Pour avoir une idée de la quantité d’art supplémentaire qu’il y a dans Challengerset donc de la capacité presque scientifique avec laquelle Guadagnino « synthétise » désormais son cinéma : Lui et elleun Cukor mineur avec le meilleur couple jamais vu sur grand écran, Katharine Hepburn et Spencer Tracy ; Jenny la joueuse de tennisun anime basé sur le manga de Sumika Yamamoto dans lequel le tennis devient le moteur d’un mélodrame romantique de passions brûlantes sur fond d’entraînement épuisant ; Points de matchle meurtre comme jeu à jouer jusqu’au dernier point, un Woody Allen en grande forme ; La bataille des sexesavec Emma Stone dans le rôle de la joueuse de tennis Billie Jean King qui conteste en 1973 le chauvinisme du système sportif ; Jeu à quatreun classique pré-Code Lubitsch qui bénit la « tropa » comme élément d’harmonie ; Jules et Jimle classique des classiques de Truffaut, dans ce cas aussi la fin aurait pu être évitée si les deux protagonistes masculins s’étaient promenés l’un autour de l’autre ; Drame de jalousieEttore Scola avec Age & Scarpelli à leur meilleur, Marcello Mastroianni, Monica Vitti et Giancarlo Giannini sur le lit sont comme les trois joueurs de tennis de Guadagnino assis ensemble dans la chambre d’hôtel ; Prends le monde et parsanime basé sur le manga de Mitsuru Adachi, les jumeaux, le baseball, le jeune amour et la mort qui remet tout en jeu ; Les rêveursprivé de Bertolucci 1968, tandis que la révolution fait rage à l’extérieur, à l’intérieur palpitent des pulsions vitales, morbides et décadentes ; Les Chansons d’amour, l’hommage de Christophe Honoré au cinéma musical français (Jacques Demy) qui sauve Louis Garrel de la mécanique mortifère du triangle en le jetant dans les bras d’un jeune poulain aux idées bien claires. Etc.

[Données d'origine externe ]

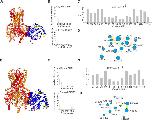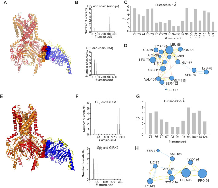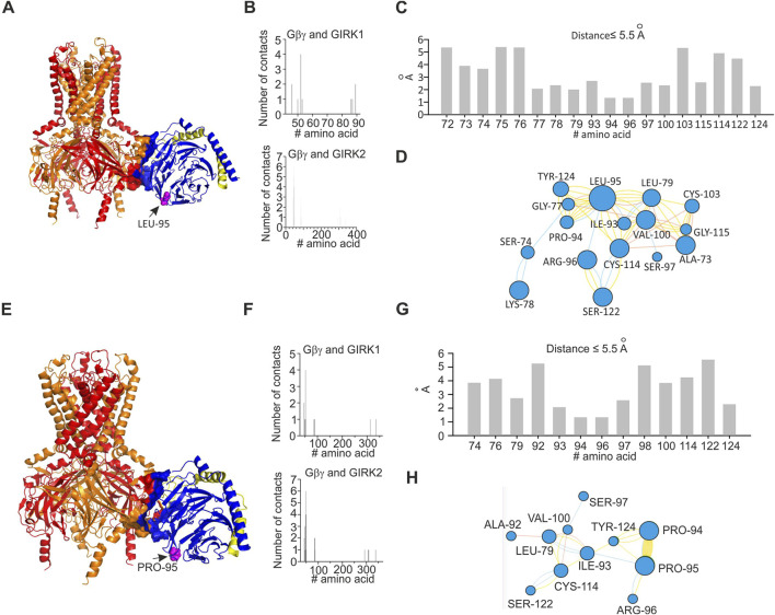 FIGURE 7. Structural analysis of impact of L95P mutation on GIRK1/2–Gβγ complex. Analysis was conducted utilizing coordinates of the largest cluster of GIRK1/2–Gβγ complex. (A) Structure of wild-type GIRK1/2–Gβγ complex (single Gβγ molecule is docked); L95 is shown as spheres and colored magenta, GIRK1 subunits are colored red, and GIRK2 subunits are colored orange. (B) Interface of GIRK–Gβγ complex, with data generated by the PRODIGY server; selection criterion: all amino acids ≤5.5 Å. The upper plot corresponds to GIRK1–Gβγ interface. The lower plot corresponds to GIRK2–Gβγ interface. Note that L95 is neither in GIRK1 nor in GIRK2 interface. (C) Amino acids in contact with L95, same criterion as in B, with data obtained from analysis of GIRK1/2–Gβγ wild-type utilizing the INTAA server. Only amino acids that belong to Gβγ are shown. (D) Analysis of non-covalent interactions of amino acids that are expected to be in contact with L95 (data shown in (C)); network is generated by the RINMAKER server. Specific interactions of L95 are summarized in Supplementary Table S1. (E) Predicted coordinates of GIRK1/2–GβL95Pγ complex, with data generated by the MutationExplorer server utilizing fast Rosetta fixbb function; P95 is shown as spheres and colored magenta. (F) Interface of GIRK–GβL95Pγ complex, with data generated by the PRODIGY server; selection criterion: all amino acids ≤5.5 Å. The upper plot corresponds GIRK1–GβL95Pγ interface, and the lower plot corresponds to GIRK2–GβL95Pγ interface. Note that P95 is neither in GIRK1 nor in GIRK2 interface. (G) Amino acids in contact with P95, same criterion as in F, with data obtained from analysis of GIRK–GβL95Pγ utilizing the INTAA server. Only amino acids that belong to Gβγ are shown. (H) Analysis of non-covalent interactions of amino acids that are expected to be in contact with P95 (data shown in (G)); network is generated by the RINMAKER server. Specific interactions of P95 are summarized in Supplementary Table S1. |

Challengers cependant, reprenant la poétique des désirs refoulés de Guadagnino, il semble jouer sur un terrain moins biaisé que d’habitude pour le réalisateur, presque rassurant dans le classicisme de ses personnages névrotiques et prévisibles : d’un côté les corps masculins sexuellement refoulés et de l’autre de l’autre le fantôme du désir incarné par une figure féminine glaciale et nerveuse. Si le réalisateur aimait auparavant dépasser les limites de l’habituel, pour chatouiller le charme ambigu du désagréable, après le grand amour cannibale de Les os et tout, joue intelligemment “du côté négatif”, avec un film impeccable qui mise sur un packaging de grande qualité, mais qui, malgré quelques plaisanteries qui démangent (“Je me ferais baiser par elle avec une raquette”), reste à l’écart (pour l’instant) de le risque d’exploitation. Bref, une fois de plus Luca Guadagnino se révèle être le plus intelligent des auteurs contemporains, capable de flirter avec la pop, en lui faisant seulement un clin d’œil, flatteur, capable de dignifier l’ennui du sport et l’ennui de la sueur avec des séquences de grand cinéma, où sa maîtrise technique (faite de choix, de réflexion sur les langages, les idées : des denrées rares aujourd’hui) excite plus que des sentiments.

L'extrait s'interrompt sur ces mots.